Isaias NavaIsaias Nava

Friedman: Despite the inconvenience, the 17 year old says the tuba provides the rhythm to his life.

Nava: I love the tuba. It's really the base for everything in the orchestra. That's how I feel about myself that with my achievements I feel I shouldn't be too loud and showing off. I feel like more quiet, like my instrument, the tuba. It's there, no one really pays attention to it, but it's there and everybody needs it.

Friedman: Isaias is among thousands of students participating in Merit-Fest, a two-day performance festival for young musicians at the Merit School of Music, a school that works to bring music education and training to students across the city.

Charlie Grode, executive director Merit School of Music: We want to make sure that we’re removing financial, personal and geographic barriers so that we have kids of all backgrounds making music together.

Friedman: Kris Hedlund teaches students at Chopin Elementary School in Ukrainian Village.

Kris Hedlund, teacher at Chopin Elementary School: So many of these kids come from challenging homes. It's difficult. But music is a staple in their day, and they're happy to be there. They work hard for us.

Kris HedlundKris Hedlund

Friedman: Merit's Executive Director Charlie Grode knows it's not just the cost of instruments or lessons that could prevent students like Isaias from learning the orchestra.

Lack of exposure to classical music at a young age is another barrier.

Grode: The point about role models is an important one. You want to see individuals who look like you, who share similar experiences, achieving success. Even within our conservatory, and within our bridges programs, you see high school age students, who are like grown-ups to the little ones. I don’t know what you remember about being a fourth-grader, but you thought eighth-graders or high school students knew everything and they could do everything.

Friedman: A survey of the League of American Orchestras' members shows that only 1.8 percent of orchestra musicians are African-American. Just 2.5 percent are Latino, and Asian and Pacific Islanders make up 9 percent, while 85.5 percent are white.

Marlea Simpson, 21, is one of the few African-Americans.

Originally from Dallas, and a junior at the Oberlin Conservatory, she also plays principal viola for the Chicago Sinfonietta.

Marlea Simpson: Working with the Sinfonietta is the first time that I've really been in an orchestra that is so diverse, and that's really exciting to see.

Friedman: She earned that spot after being a part of Project Inclusion—the Sinfonietta's fellowship program designed to increase diversity in orchestras.

Simpson:  A lot of orchestras that I have been a part of have not been very diverse, and I think that's kind of what's really unique about the Project Inclusion program is that we were given the opportunity to go out into communities and really introduce classical music to a lot of people that probably wouldn’t have heard about it. And really open up opportunities for people to become a part of classical music world.

Marlea SimpsonMarlea Simpson

Friedman: She's also earned a position in the Grant Park Orchestra during this summer's festival.

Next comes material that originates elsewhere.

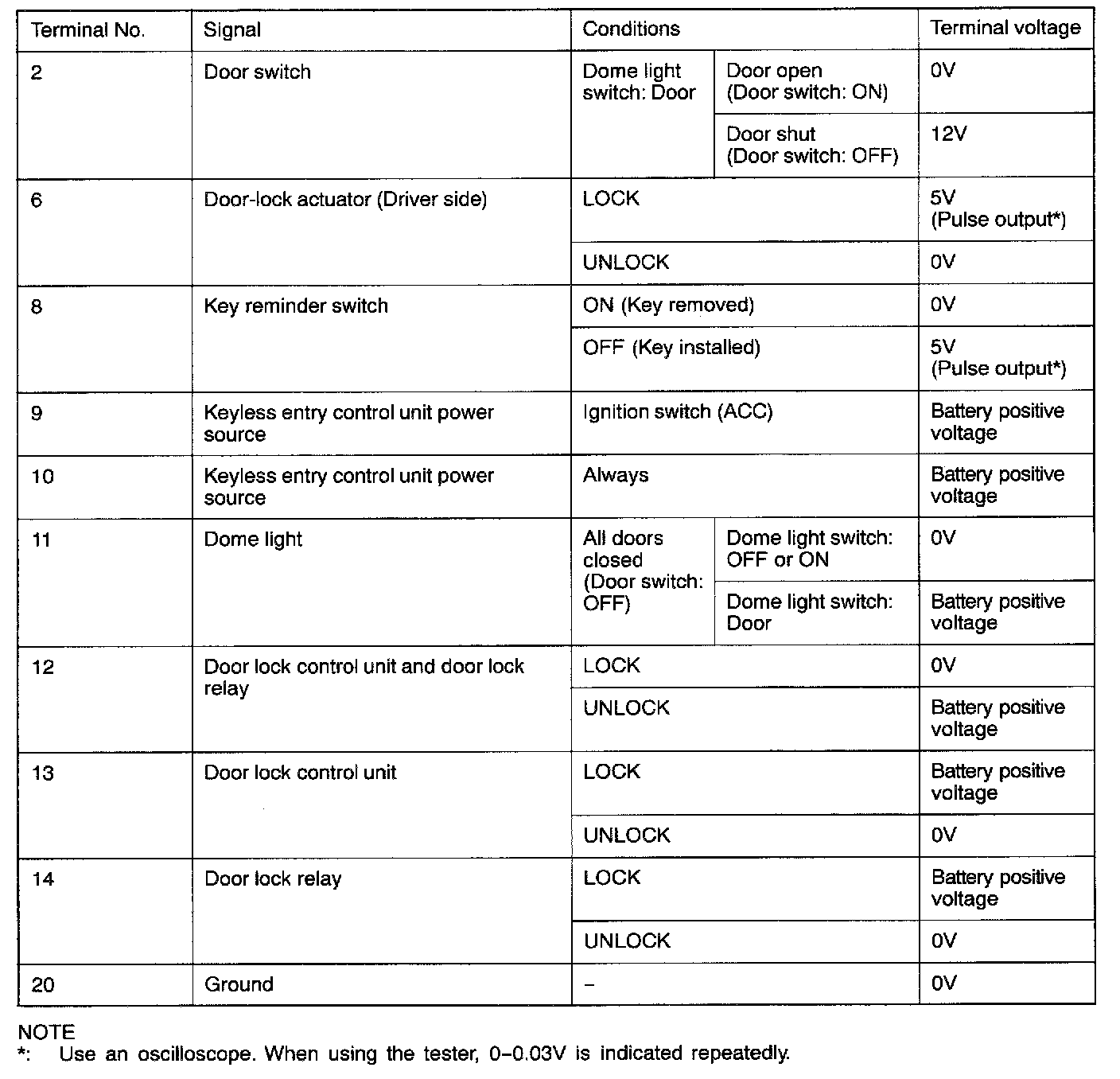 KEYLESS ENTRY CONTROL UNIT INSPECTION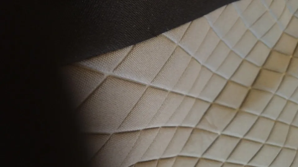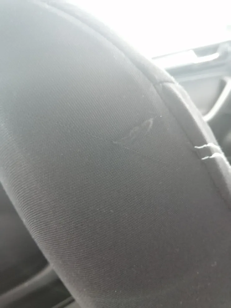 Качество материала среднее, лёгкое прикосновение липучкой от рюкзака оставляет зацеп на ткани, темная часть. Сели хорошо на Солярис 2016 г.в., только на спинках передних сидений натянулись как на барабане.

Her conductor there, Carlos Kalmar, recognized Marlea's ability during the long audition process.

Carlos Kalmar: She's a very special case for two reasons: First of all where she comes from, minority and second age. Usually you start getting a job at age 23-24.

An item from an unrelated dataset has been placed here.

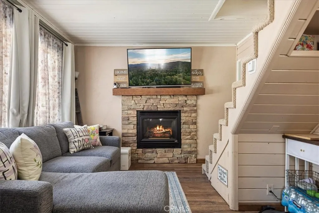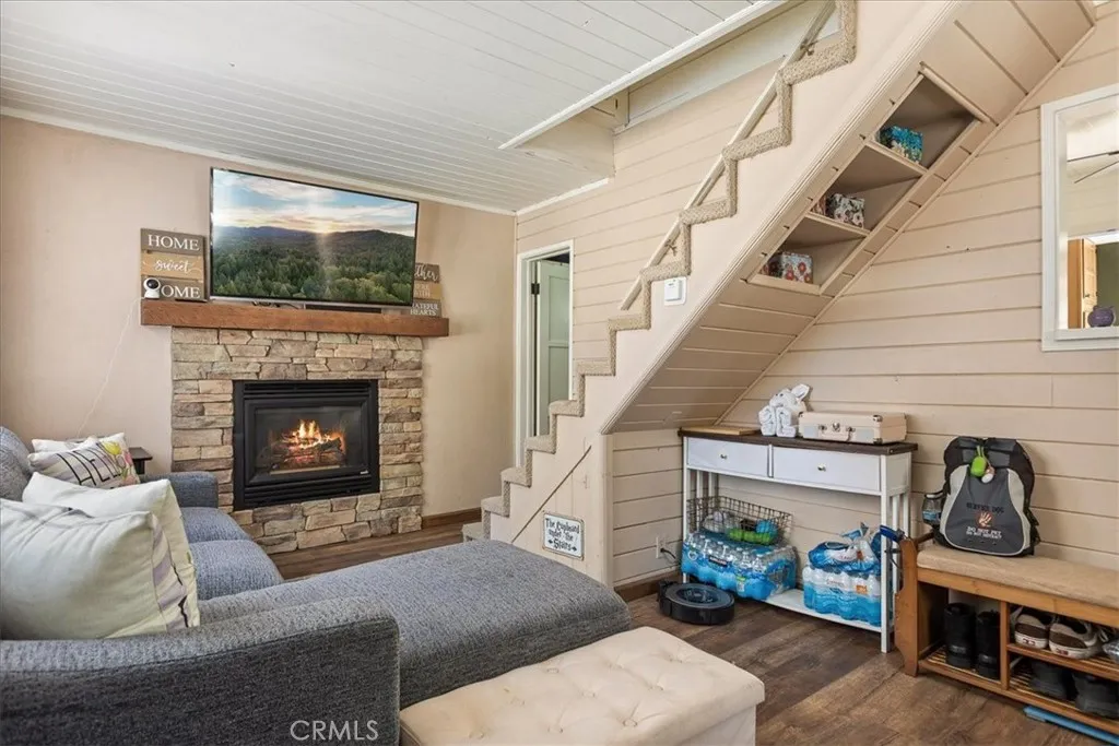 Short Sale Opportunity! Welcome to 27531 Cappy Dr., your cozy cabin retreat nestled in the woods of Lake Arrowhead! Located in the peaceful Crest Park area, this charming cabin sits on a spacious double lot totaling just over 6,500 sq. ft., offering a serene escape in a quiet neighborhood surrounded by lush trees and positioned on a cul-de-sac. With the additional lot there is parking for 5-6 cars! The main floor features a welcoming living area, a well-equipped kitchen, a dining space, and a bathroom, creating a comfortable living environment. Upstairs, you'll find two inviting bedrooms, perfect for restful nights. Step outside to enjoy the L-shaped deck, ideal for relaxing or entertaining in nature's embrace. With shopping and dining just minutes away, this delightful cabin combines tranquility and convenience. Dont miss the opportunity to make this charming cabin your home in the heart of Lake Arrowhead!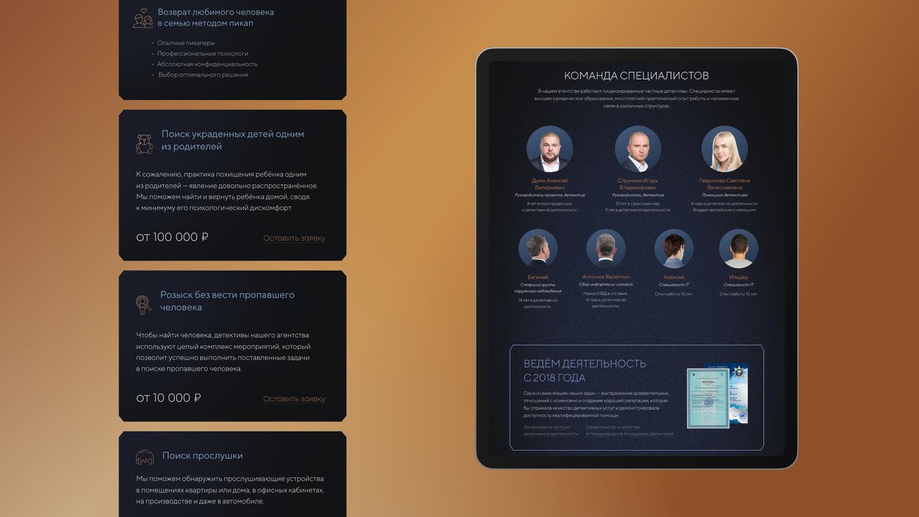 «Элита» — лицензированное детективное агентство, оперативно решающее сложные задачи информационно-сыскного характера.

Carlos KalmarCarlos Kalmar

Friedman: Kalmar admits to seeing very few faces of color in many of the orchestras he's worked with.

Kalmar: You have to start in order to be in an orchestra of this level, with string instrument, no later than 6 years of age. Exposure to instruments at a young age is not in the genes. What I am absolutely sure is in the genes, is the talent.

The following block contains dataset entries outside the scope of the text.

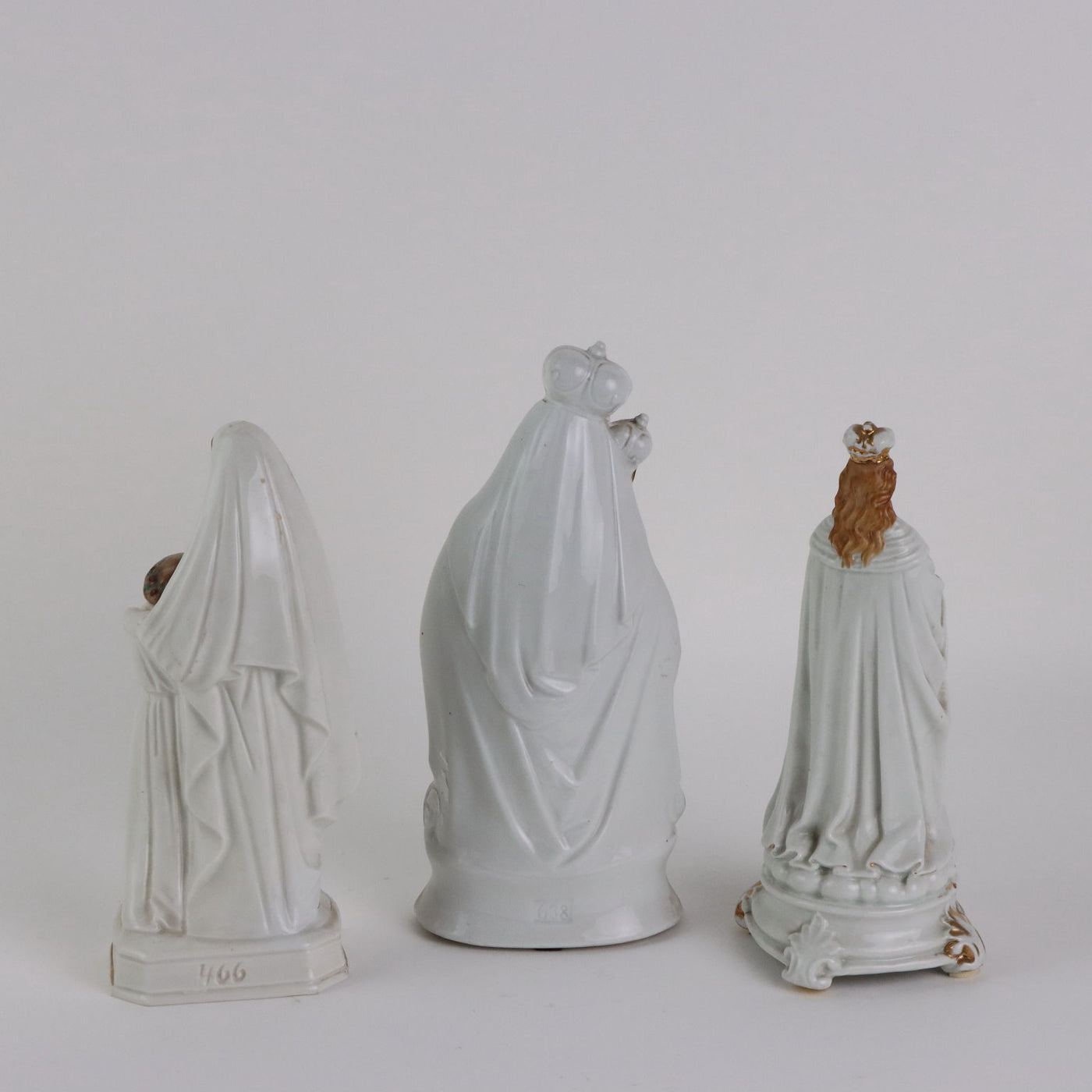 Group of thirteen religious figures in porcelain and biscuit with polychrome and gold decoration. The group is composed of figures of the Virgin Mary, Madonna with child, Jesus, Saint Joseph, Saint Anthony and Angel. collector's articles, ancient objects, porcelain, ceramics.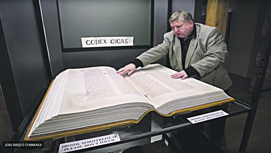 Foto: Promo fotoKodeks Gigas ili Džinovska knjiga najveći je i verovatno najčudniji rukopis na svetu. Knjiga napisana u prvoj polovini 13. veka u benediktanskom manastiru Podlažice u današnjoj Češkoj teži 74 kilograma i obimna je toliko da se tvrdi da je za pergament bilo potrebno 160 koža magaraca i teladi.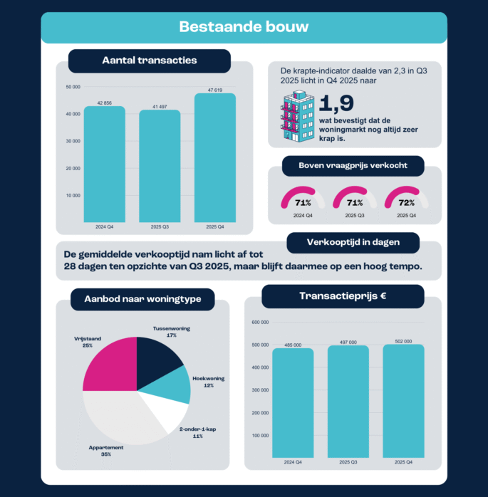 De bestaande bouw trekt stevig aan: transacties nemen toe, verkooptijden blijven kort en overbieden is de norm. De nieuwbouwmarkt laat een ander beeld zien met dalende verkoopvolumes maar doorlopende prijsdruk. De woningmarkt corrigeert niet op prijs, maar op product en tempo. Zonder versnelling en scherpere keuzes in nieuwbouw groeit het structurele tekort verder in 2026.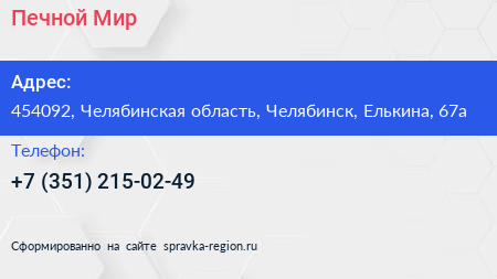 Печной Мир по адресу 454092, Челябинская область, Челябинск, Елькина, 67а в дальнейшем Организация, размещена в следующих категориях:

Friedman: In Marlea's case, she did start at a young age and so did Isaias, in fourth grade with the Merit School.

Nava: If I don't stay busy, then I'll become like the rest of kids in my community. End up, not going to college, I'll go find a part-time job and just start living like that. That's what most of my friends do. They don't really pay attention to school much, and they just start working. Merit gives me the opportunity. And I take advantage of the opportunity.

Friedman: Isaias hopes to play his way into college in a year. Tops on his list: Eastman School of Music, Oberlin and Julliard.